Starting point is 00:21:21 They were all crying and all the guys came out to apologize to Satchel and his teammates. But Buck O'Neill swore to the day he died that if he had one game to win, and any choice of any pitcher from any era, it would be the legendary Leroy Satchel Page. As Buck would say, you might beat him when he was out there messing around. But when he was locked and loaded, forget about it.
Starting point is 00:21:47 That's a fantastic story. And I got to tell you, I know the Nancy story and people should look that one up because that's hilarious too. It is hilarious. That is a great story. Mr. Kendrick, I want to recommend two things before we go. Number one, you do a podcast called Black Diamonds,
Starting point is 00:22:04 which I'm a big fan of. And I listen to all the time. I heard your interview with Andre Dawson the other day. And I would encourage people to go look that up, Black Diamonds, the podcast, and of course your Negro Leagues Baseball Museum in Kansas City, Missouri, which is on my bucket list. And I gotta get there before I push up daisies, and I will.
Starting point is 00:22:21 Yeah, and you got to get here because we're getting ready to build a new one. So you got to see the old one and then come and see the new one.

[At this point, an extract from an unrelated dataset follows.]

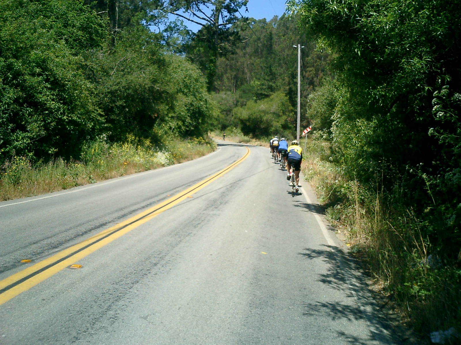 Cyclists gather in Monterey for a ride to Surf City Coffee in Aptos.

Of course, we got to raise about 30 million dollars to build this new one. But we did announce plans to build a new 30 plus thousand square foot Negro Leagues Baseball Museum that's going to be built right around the corner from where we're currently operating the Negro Leagues Museum now. And I'm really excited about this next phase of growth for our museum and what that means for really the baseball world to have this wonderful edifice known
Starting point is 00:22:55 as the Negro Leagues Baseball Museum as the gateway into historic 18th and Vine here in Kansas City. So man, I look forward to seeing you and when you come, the ribs are on me. That's very generous of you. I can't wait to shake your hand and see all of your great work. Thank you for joining us on TVO tonight.
Starting point is 00:23:15 And yeah, they could play. You're damn right they could play. They could play. Thank you, Steve.